8 августа был подписан Зборовский договор, по которому король признавал значительную часть Украины – Киевское, Черниговское, Брацлавское воеводства – казацкой территорией; Войску возвращались его права и вольности, а реестр увеличивался до сорока тысяч. Украина, таким образом, возвращалась в подданство Коруны, но получала право на своеобразную казацкую автономию. Замирение и восстановление подданства подкреплялось появлением в ряде городов Украины польских гарнизонов и возвращением в свои имения панов. Наконец, сама война должна была быть предана «вечному забвению».
Среди украинских историков Зборовский договор издавно почитается «блистательной страницей нашего бытописания». Но в понимании, например, Н. И. Костомарова, эта «блистательная страница» была полна горечи. По убеждению известного историка, Украина потеряла редкую возможность обрести полную независимость без попытки «прислониться» к кому-то из соседей. «Что могло быть несправедливее такого приговора? – писал Костомаров, имея в виду восстановление на Украине «панщины» и стремление казачества возвыситься над остальными. – Народ, который помогал Хмельницкому трудами и кровью, постыдно отдавался своим избранным главою в руки прежних врагов!» [220]220
Костомаров Н.Русские инородцы. М., 1996. С. 453.
[Закрыть]
По Костомарову, в 1648–1649 годах национально-освободительное движение было столь мощным, что потенциально могло завершиться созданием независимого Украинского государства. С этим, по-видимому, можно согласиться. Но нельзя забывать и о другом: об умонастроении, устремлениях политической элиты украинского общества, оказавшейся неспособной преодолеть границы сословного мышления и подняться вровень с общенациональными задачами. Это была и беда, и вина руководителей движения.
Торжественно объявленное по договору «забвение» получилось лишь на бумаге. Очень скоро скроенный из компромиссов Зборовский мир затрещал по всем швам. Первой его преступила польская сторона. Это произошло на самом сейме, который должен был утвердить условия мира. В Варшаву прибыл киевский митрополит Сильвестр Коссов, чтобы занять согласно договоренности свое место в сенате. Но представители католического духовенства решительно воспротивились этому и объявили о своем намерении покинуть столицу, если православный епископ посмеет переступить порог Сената. Коссов уехал ни с чем, поставив под сомнение выполнение всех условий Зборовского договора. Это очень скоро подтвердили украинские крестьяне. Несмотря на строгие гетманские универсалы и давление казацкой администрации, они вилами встретили польских шляхтичей, осмелившихся появиться в своих бывших владениях.

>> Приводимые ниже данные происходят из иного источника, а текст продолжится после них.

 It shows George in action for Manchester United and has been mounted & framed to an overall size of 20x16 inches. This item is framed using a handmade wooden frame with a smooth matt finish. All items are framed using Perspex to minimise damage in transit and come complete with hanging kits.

Взаимная ненависть истачивала мир. Но истачивалось и прежнее доверие, которое имели сельчане и горожане к старшине. Неудивительно, что в преддверии предстоящего столкновения Хмельницкий принялся искать новых союзников «на стороне». Он ссылается со шведами, исконными врагами Речи Посполитой. Ведет дипломатическую игру с Константинополем, откуда ему присылают вместе со знаменем и булавой обещание покровительства и военной помощи. Нужно выполнить лишь одно условие – признать власть самого султана.

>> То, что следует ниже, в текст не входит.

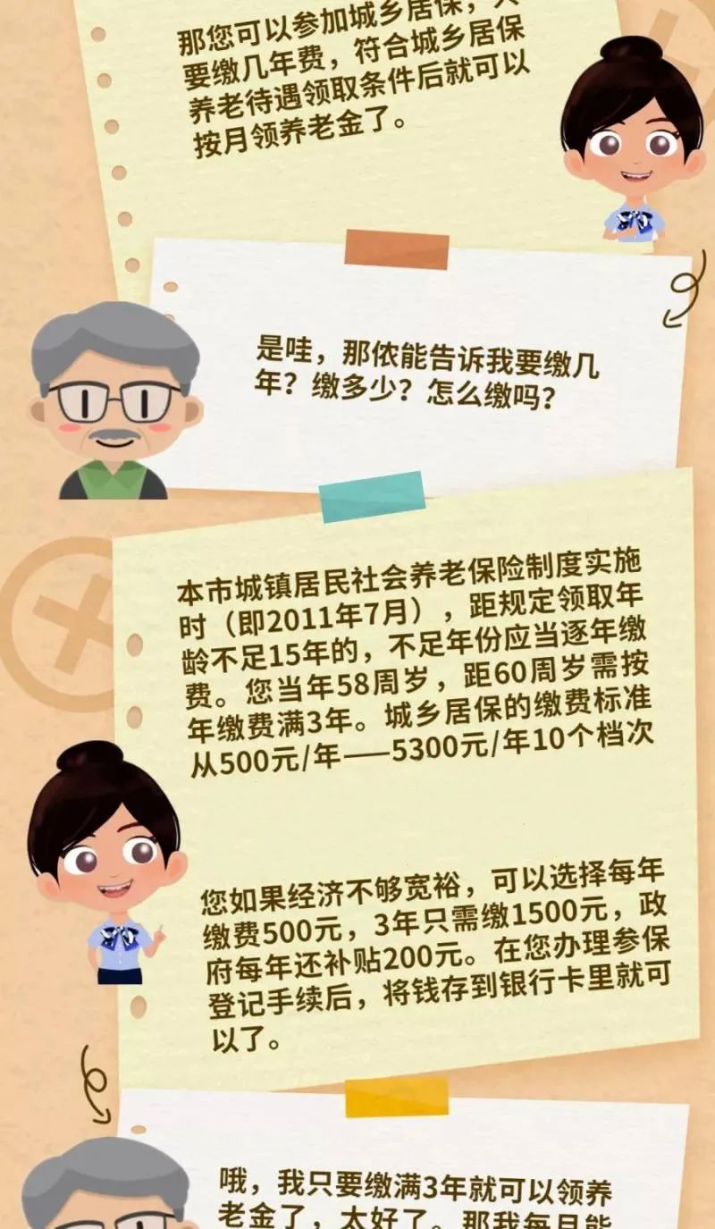 超过60岁还能参加城乡居民养老保险吗?市社会保险事业管理中心说,可以参加城乡居保,只要缴几年费,符合城乡居保条件就可以按月领养老金。缴纳方式、缴纳比例以及相关材料,详见↓

Война возобновилась с конца 1650 года. Недавние горькие уроки, преподнесенные казаками, заставили поляков на этот раз всерьез отнестись к противнику. В дело вступили регулярные хоругви. Решающее столкновение произошло в июне 1651 года под Берестечко. Казаки потерпели поражение. Подписанный в сентябре того же года Белоцерковный договор отразил наметившийся перевес Речи Посполитой. Казацкая автономия отныне распространялась только на Киевское воеводство. Реестр Войска был сокращен вдвое. На Украине должны были появиться польские войска и помещики. Хмельницкий «снова сделался охранителем рабства».

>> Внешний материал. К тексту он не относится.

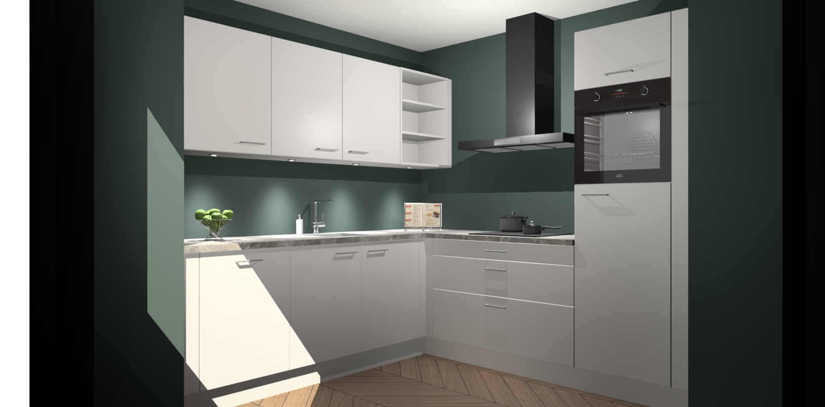 Met een modern, tijdloos design en ruime opslagruimte, zult u zich in no-time thuis voelen in uw nieuwe keuken. Uw leven wordt eenvoudiger met de soft-close deuren die voor het ultieme stille comfort zorgen - geen geluid dat u stoort terwijl u kookt. Ook is de keuken voorzien van 5 ingebouwde apparaten: een oven, inductie kookplaat, afzuigkap, vaatwasser en koelkast. Deze kunnen gemakkelijk na bestelling worden bijgewerkt naar AEG - waardoor uw luxe ervaring compleet is.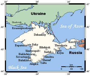 Wydra, Doris (November 11, 2004). "The Crimea Conundrum: The Tug of War Between Russia and Ukraine on the Questions of Autonomy and Self-Determination". Retrieved March 25, 2007.[dead link] - ^ Eastern Europe, Russia and Central Asia 2004, Routledge, 2003, ISBN 1857431871 (page 540)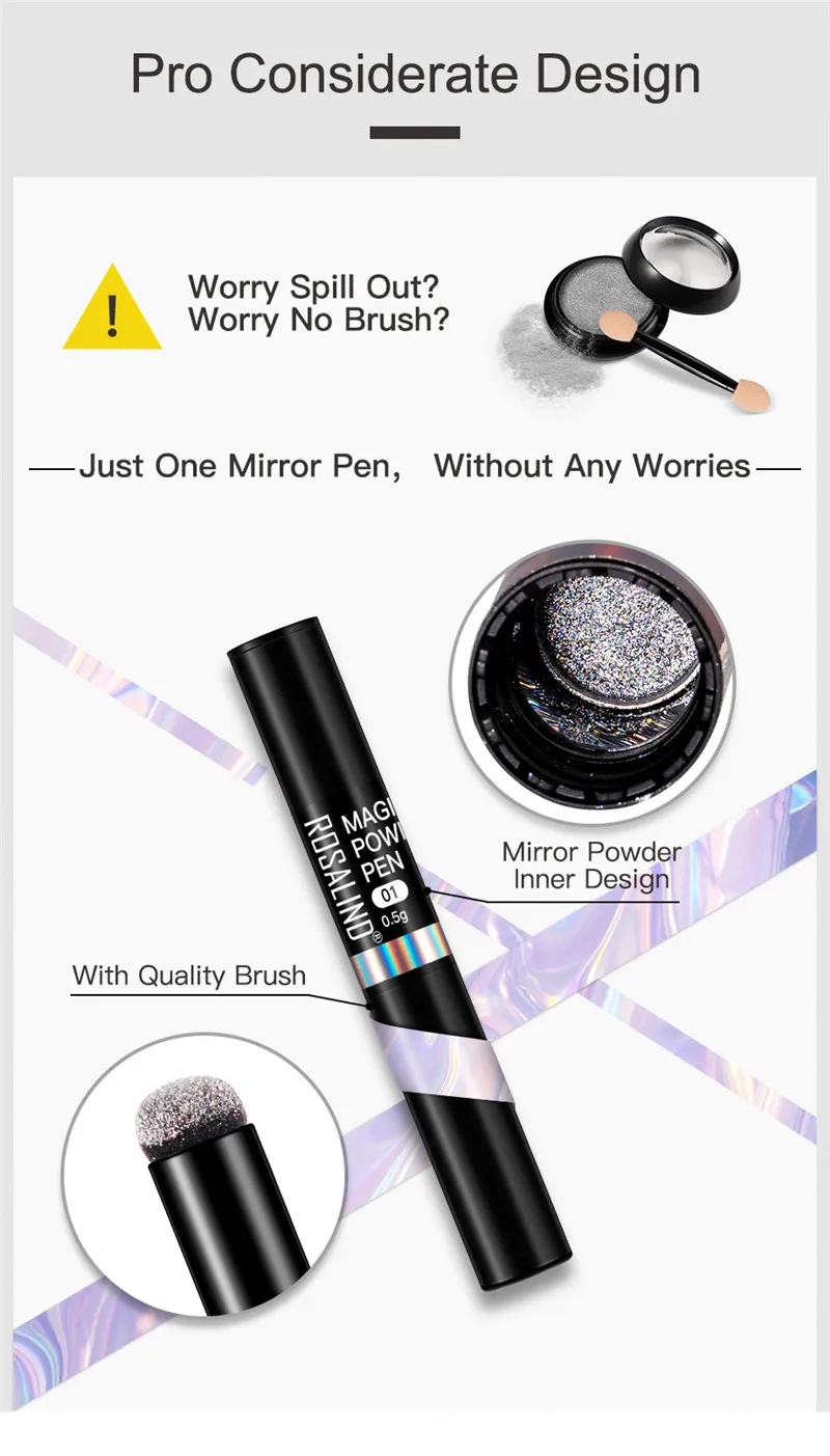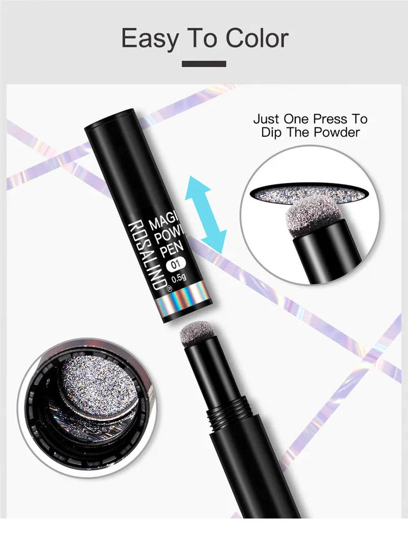 ROSALIND 2020 новейший дизайн ногтей маникюр макияж УФ-гель хромированный голографический металл с эффектом зеркала порошок воздушная подушка Волшебная пудра ручка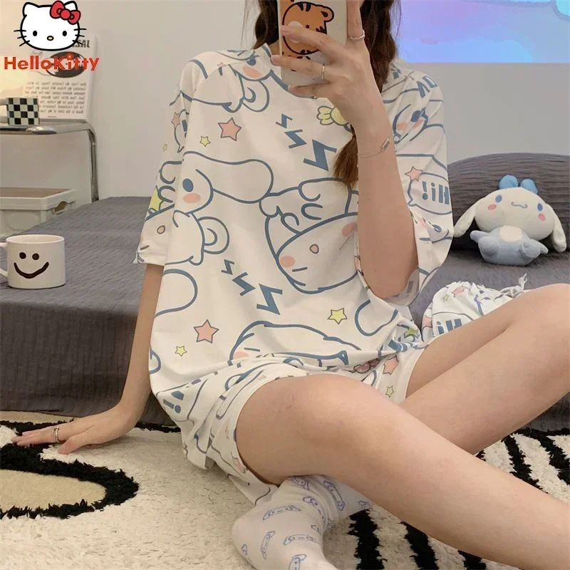 Kawaii Sanrio Anime Cinnamoroll Kuromi 잠옷 여름 단순 패션 섬세한 귀여운 캐주얼 루즈 편안한 부드러운 여성용 세트 선물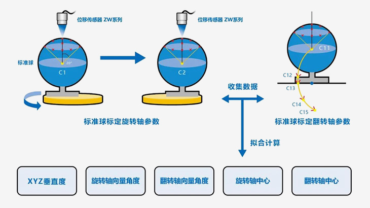 使用雷尼绍标准球,通过在平台不同姿态下搜索标准球最高点的数据和当前各轴位置来拟合并计算出平台的参数如垂直度、向量、原点中心。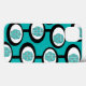 Dieses Handy Gehäuse hat ein modernes Design von Linien, die Kreise in Ovalen, die in Türkis, Schwarz und Weiß aneinander gereiht sind.

Потребовалось немного времени, чтобы превратить Белоцерковный мир в достояние истории. Возобновившаяся борьба выявила одну суровую истину: казаки нередко брали вверх, но победы не приносили желаемого. Весной 1652 года Хмельницкий одолел гетмана Калиновского под Батогом. На следующий год под Жванцем была окружена новая армия, на этот раз во главе с самим королем. Положение поляков была крайне тяжелым, почти трагическим, однако от разгрома их вновь спас сговор с союзником Хмельницкого, Ислам-Гиреем, который был заинтересован во взаимном ослаблении Украины и Польши. Но так можно было воевать до бесконечности!
Непрерывная война обескровила Малороссию. «Страна казаков», то сжимая, то раздвигая свои пределы, лежала разоренная и обескровленная. Сама логика противостояния, его ожесточенный характер побуждали мыслить категориями более широкими, чем просто дипломатические комбинации и военные союзы. Осознание того, что в одиночку трудно добиться решающего перелома, вновь и вновь побуждало окружение Богдана возвращаться к идее подданства. Но какого подданства и кому?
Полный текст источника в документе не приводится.